Depending on what data point we are looking at, U.S. inventory ranges from inflated to balanced. In the third and fourth quarters last year, inventory reduction took away 0.71 percent and 0.22 percent from real GDP growth, respectively (Chart 1). Real GDP grew at a seasonally adjusted annual rate of two percent and 1.4 percent in those two quarters, in that order. That said, private inventories’ contribution in real GDP in the first half last year was much bigger, so the second half simply unwound the first-half excess. This is also reflected in ISM manufacturing and non-manufacturing inventory indices. Manufacturing inventories shrunk from 53 in June last year to 43 in November, before rising to 47 by March. Similarly, between July and September last year, services inventories dropped from 57 to 51, with March at 52.5.
Chart 2 uses both manufacturing orders and inventories to calculate a spread between the two. In September last year, this dipped to as low as 1.3, but jumped to 11.3 by March. The latter surge was due mainly to a 6.8-point, month-over-month spike in orders, even as inventories only rose two points to 47. Manufacturing inventory in particular has been sub-50 the past nine months – kind of subdued.
Then we have this. In manufactured goods, orders and shipments are dropping much faster than inventories – not an ideal scenario to be in.
In February, new orders dropped three percent year-over-year to a seasonally adjusted annual rate of $454 billion. Similarly, inventory fell 2.3 percent to $634.3 billion, and shipments declined 3.5 percent to $462.8 billion.

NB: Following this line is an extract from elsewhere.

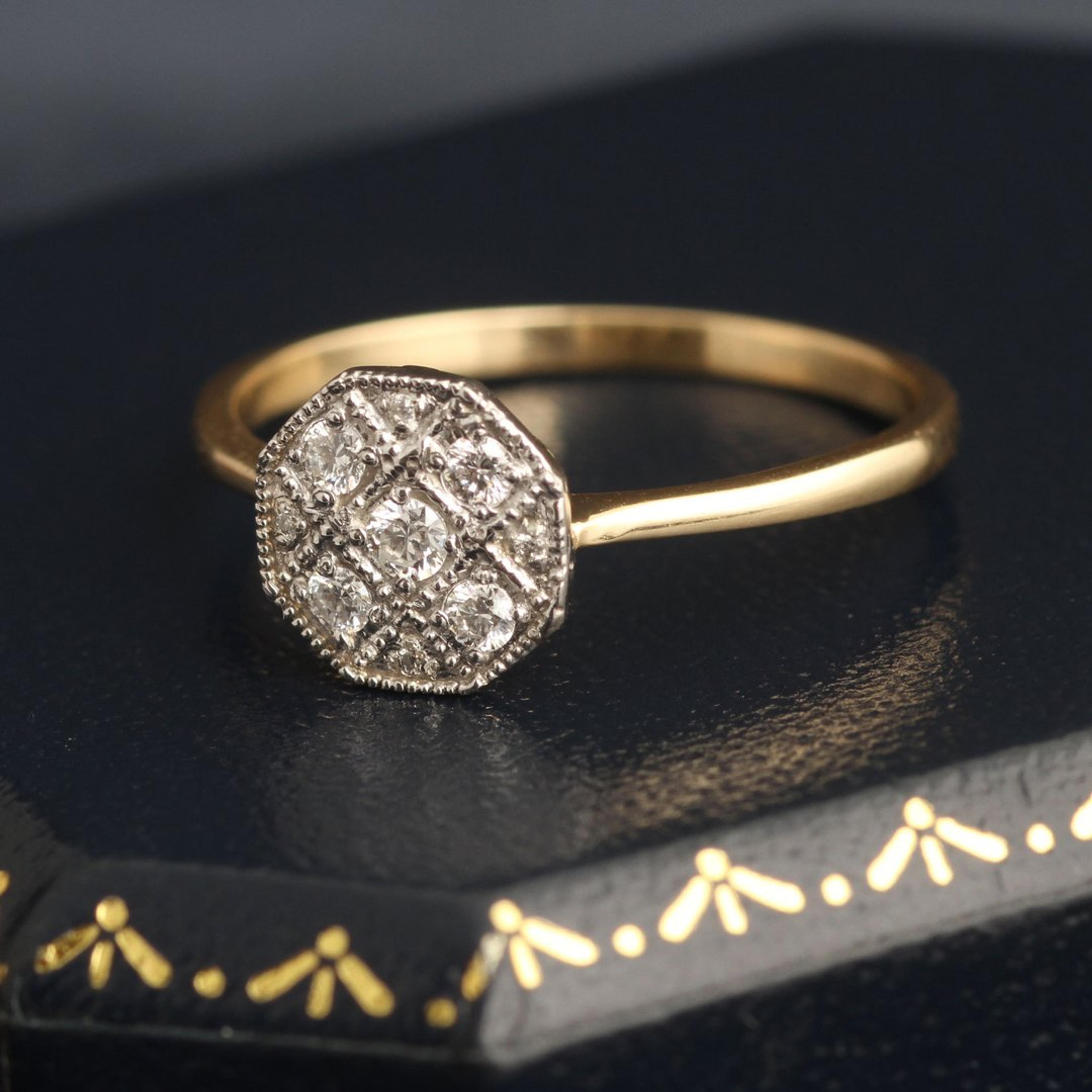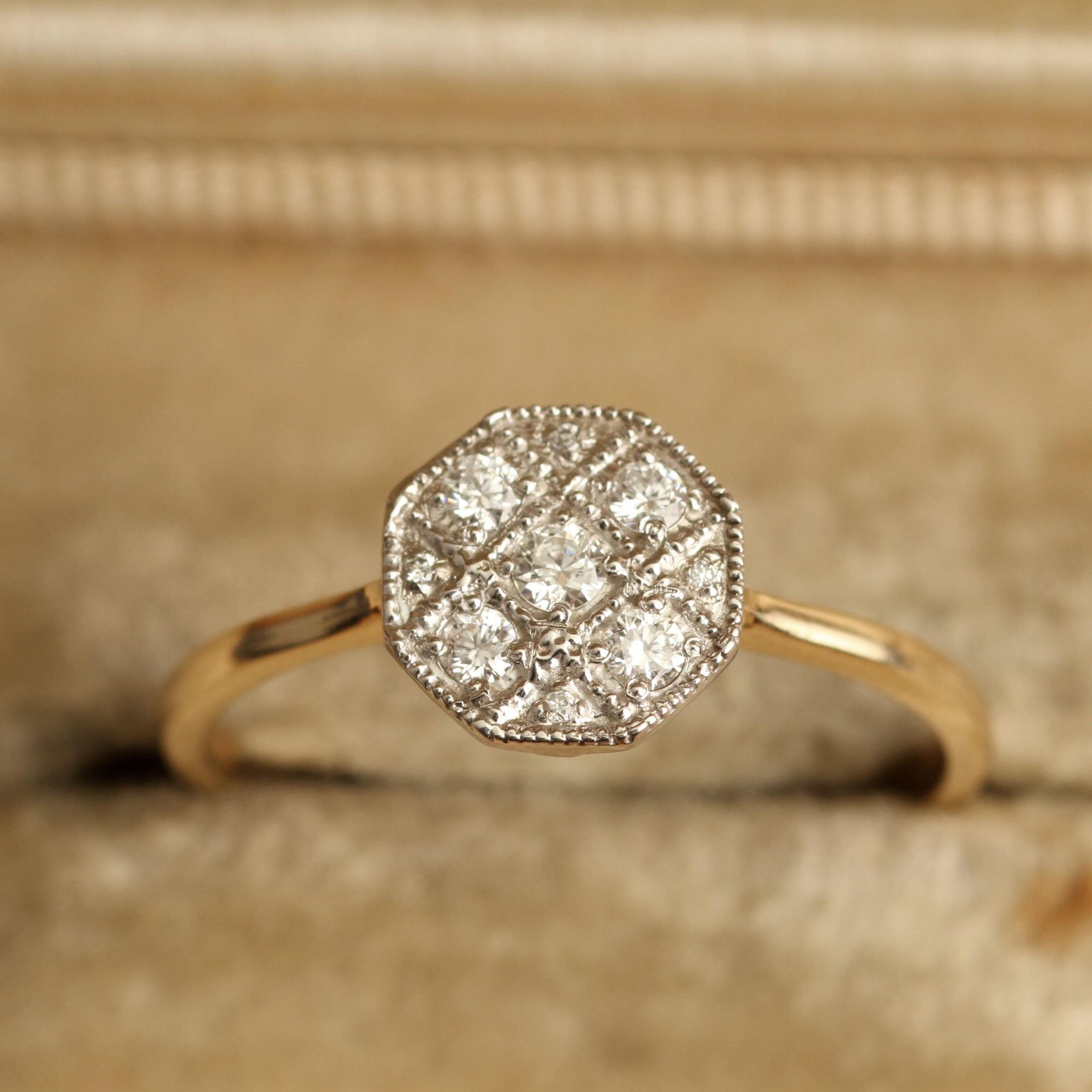 One of our very favorite rings from the Jazz Age served as the inspiration for this piece. Behind the nine diamonds, hidden from view, is a flower-shaped decorative mount which allows light to blast through to the stones. Streamlined and modern with a low profile for easy wear.

Both new orders and shipments peaked in July 2014 at $565.2 billion and $508.7 billion, respectively. Inventory peaked in November that year at $656.1 billion. So from these peaks through February, shipments are down nine percent, new orders down 19.7 percent, and inventory down 3.3 percent. Therein lies the imbalance – inventory down only slightly, and orders down more than shipments. This is reflected in Chart 3. The inventories-to-orders ratio in February rose to 1.4 (same as in December last year), matching the August 2009 reading. Similarly, the shipments-to-inventories ratio of 0.729 in December last year (February was 0.73) was the lowest since 0.721 in July 2009.
Chart 4, too, portrays a dire picture of surging inventories. In it, U.S. banks’ commercial & industrial loans are pitted against the inventories-to-sales ratio in manufacturing and trade. In February, inventories were $1.81 trillion and sales $1.28 trillion, for a ratio of 1.41, which was the highest since 1.43 in May 2009. The parabolic spike in the red line in Chart 4 is in particular noticeable. Also noticeable is the rise in C&I loans.
In March, these loans jumped by $35.3 billion month-over-month to $2.02 trillion. The March spike was the largest since October 2008. Makes you wonder how much of these loans are going toward inventory buildup.
The bottom line: U.S. inventory looks balanced on some metrics, but in the aggregate remains elevated. Charts 3 and 4 speak volumes.